■ **Task description**:
Please return the full listing exactly as written, with the images removed.

■ **Data**:
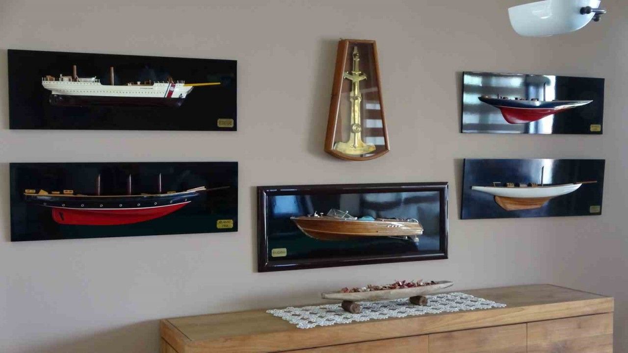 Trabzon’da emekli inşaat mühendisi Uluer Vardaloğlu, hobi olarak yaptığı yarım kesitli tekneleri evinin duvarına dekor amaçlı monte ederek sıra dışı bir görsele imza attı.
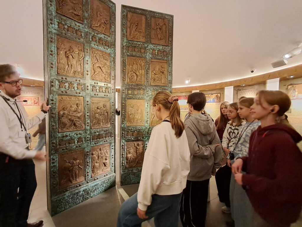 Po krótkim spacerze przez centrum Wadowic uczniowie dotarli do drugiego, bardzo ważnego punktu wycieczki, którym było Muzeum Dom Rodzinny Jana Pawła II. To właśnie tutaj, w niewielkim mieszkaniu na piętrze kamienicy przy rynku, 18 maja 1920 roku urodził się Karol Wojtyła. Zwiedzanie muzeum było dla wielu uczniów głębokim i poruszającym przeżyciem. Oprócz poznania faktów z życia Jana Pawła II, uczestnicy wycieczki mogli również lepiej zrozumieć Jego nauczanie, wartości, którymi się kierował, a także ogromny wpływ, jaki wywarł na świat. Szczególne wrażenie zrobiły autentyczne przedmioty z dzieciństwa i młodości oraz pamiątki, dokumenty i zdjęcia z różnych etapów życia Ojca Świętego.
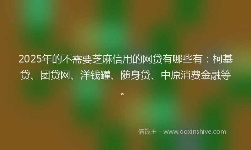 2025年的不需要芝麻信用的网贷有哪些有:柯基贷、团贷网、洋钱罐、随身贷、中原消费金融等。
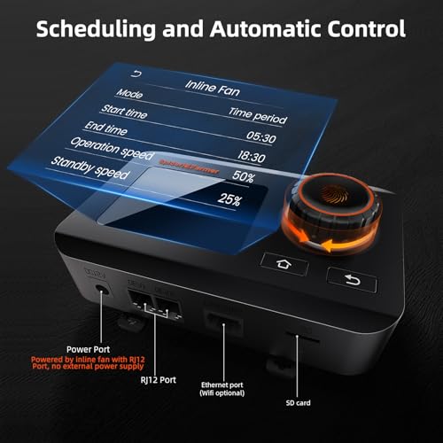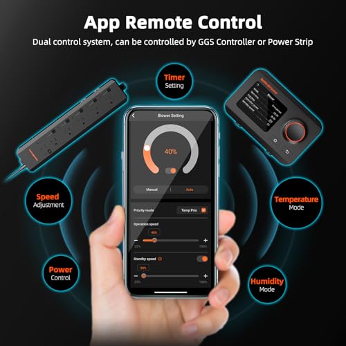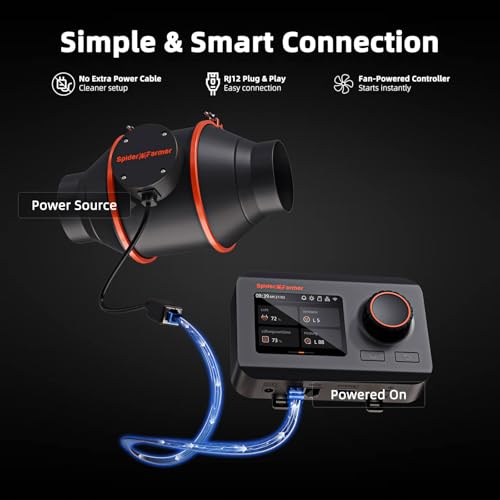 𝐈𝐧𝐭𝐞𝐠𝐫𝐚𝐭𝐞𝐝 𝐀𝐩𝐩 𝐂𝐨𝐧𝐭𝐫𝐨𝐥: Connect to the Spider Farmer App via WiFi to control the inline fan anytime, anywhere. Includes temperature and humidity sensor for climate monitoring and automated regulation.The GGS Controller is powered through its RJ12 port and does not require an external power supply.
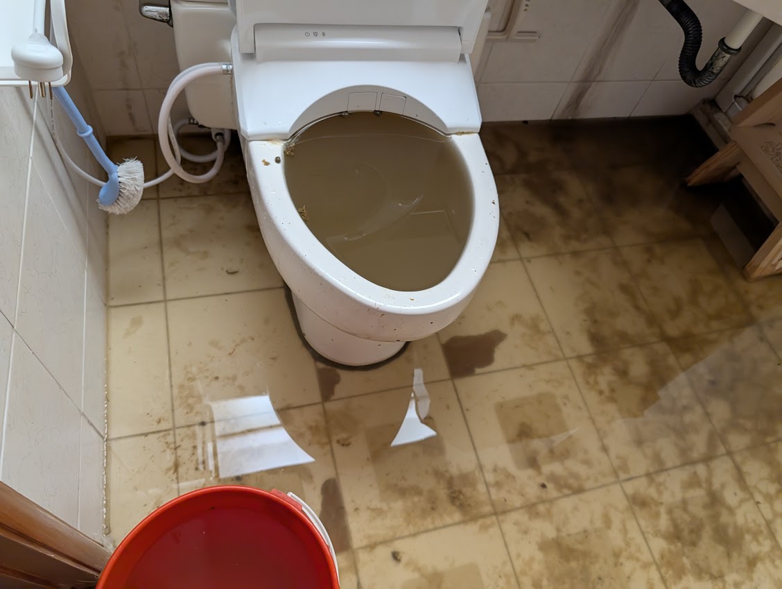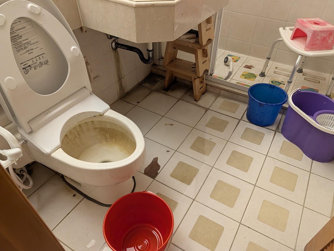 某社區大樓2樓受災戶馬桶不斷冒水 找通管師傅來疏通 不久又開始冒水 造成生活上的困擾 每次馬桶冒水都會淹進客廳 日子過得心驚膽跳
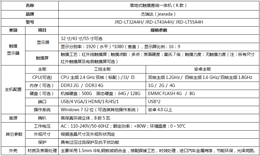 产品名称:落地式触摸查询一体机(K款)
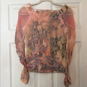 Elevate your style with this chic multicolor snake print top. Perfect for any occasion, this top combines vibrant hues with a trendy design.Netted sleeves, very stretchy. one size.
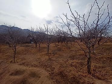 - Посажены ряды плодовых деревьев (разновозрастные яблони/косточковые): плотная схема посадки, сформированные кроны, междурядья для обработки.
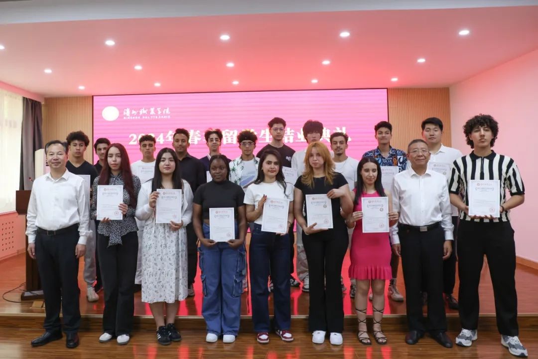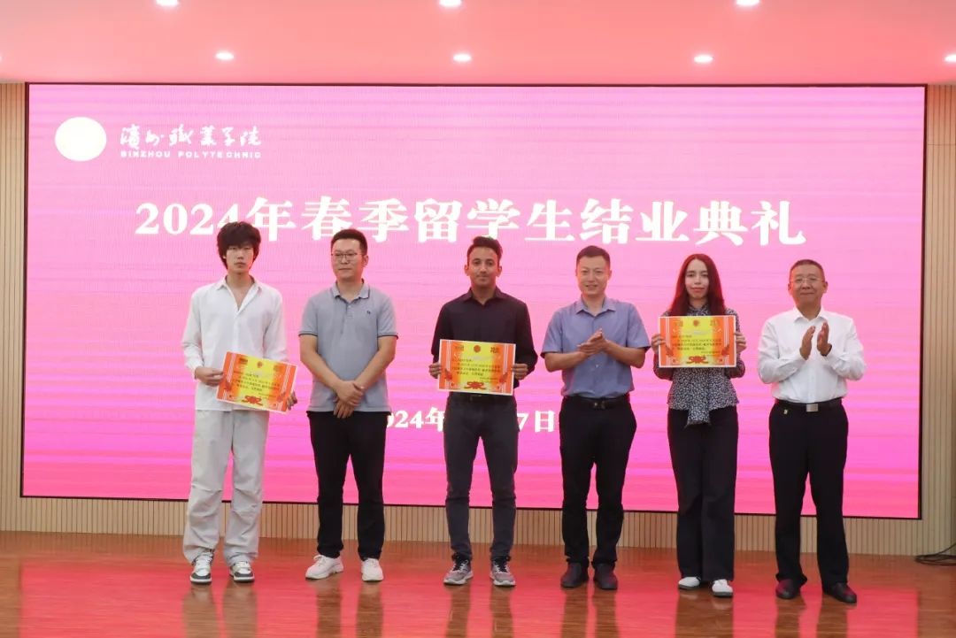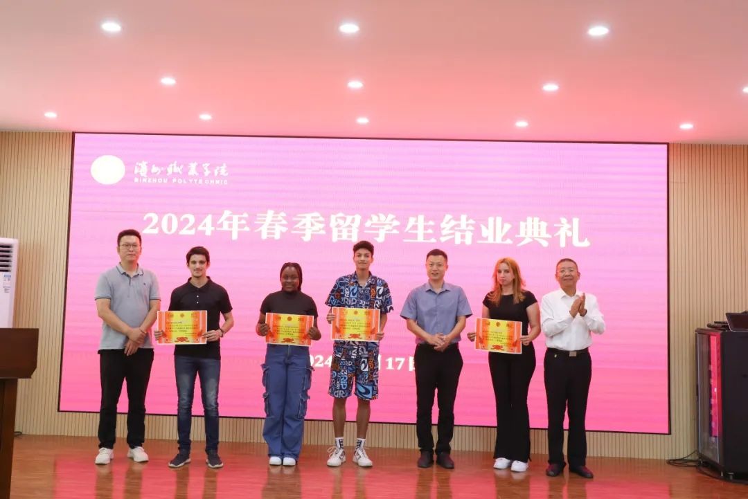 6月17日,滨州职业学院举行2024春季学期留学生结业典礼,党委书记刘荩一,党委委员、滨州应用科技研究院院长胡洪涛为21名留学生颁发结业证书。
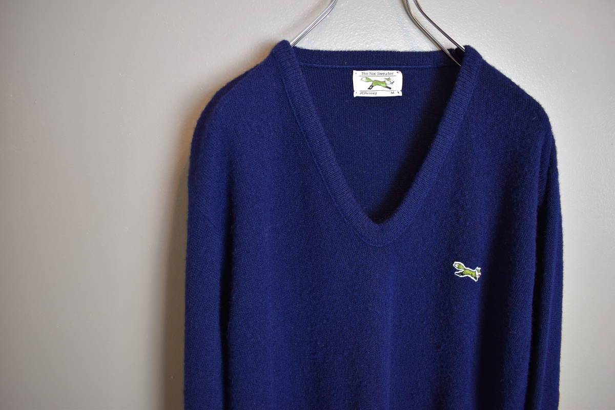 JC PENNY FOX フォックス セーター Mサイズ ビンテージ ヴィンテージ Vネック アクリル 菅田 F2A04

■ **Your response**:
 Trabzon’da emekli inşaat mühendisi Uluer Vardaloğlu, hobi olarak yaptığı yarım kesitli tekneleri evinin duvarına dekor amaçlı monte ederek sıra dışı bir görsele imza attı.
 Po krótkim spacerze przez centrum Wadowic uczniowie dotarli do drugiego, bardzo ważnego punktu wycieczki, którym było Muzeum Dom Rodzinny Jana Pawła II. To właśnie tutaj, w niewielkim mieszkaniu na piętrze kamienicy przy rynku, 18 maja 1920 roku urodził się Karol Wojtyła. Zwiedzanie muzeum było dla wielu uczniów głębokim i poruszającym przeżyciem. Oprócz poznania faktów z życia Jana Pawła II, uczestnicy wycieczki mogli również lepiej zrozumieć Jego nauczanie, wartości, którymi się kierował, a także ogromny wpływ, jaki wywarł na świat. Szczególne wrażenie zrobiły autentyczne przedmioty z dzieciństwa i młodości oraz pamiątki, dokumenty i zdjęcia z różnych etapów życia Ojca Świętego.
 2025年的不需要芝麻信用的网贷有哪些有:柯基贷、团贷网、洋钱罐、随身贷、中原消费金融等。
 𝐈𝐧𝐭𝐞𝐠𝐫𝐚𝐭𝐞𝐝 𝐀𝐩𝐩 𝐂𝐨𝐧𝐭𝐫𝐨𝐥: Connect to the Spider Farmer App via WiFi to control the inline fan anytime, anywhere. Includes temperature and humidity sensor for climate monitoring and automated regulation.The GGS Controller is powered through its RJ12 port and does not require an external power supply.
 某社區大樓2樓受災戶馬桶不斷冒水 找通管師傅來疏通 不久又開始冒水 造成生活上的困擾 每次馬桶冒水都會淹進客廳 日子過得心驚膽跳
 产品名称:落地式触摸查询一体机(K款)
 Elevate your style with this chic multicolor snake print top. Perfect for any occasion, this top combines vibrant hues with a trendy design.Netted sleeves, very stretchy. one size.
 - Посажены ряды плодовых деревьев (разновозрастные яблони/косточковые): плотная схема посадки, сформированные кроны, междурядья для обработки.
 6月17日,滨州职业学院举行2024春季学期留学生结业典礼,党委书记刘荩一,党委委员、滨州应用科技研究院院长胡洪涛为21名留学生颁发结业证书。
 JC PENNY FOX フォックス セーター Mサイズ ビンテージ ヴィンテージ Vネック アクリル 菅田 F2A04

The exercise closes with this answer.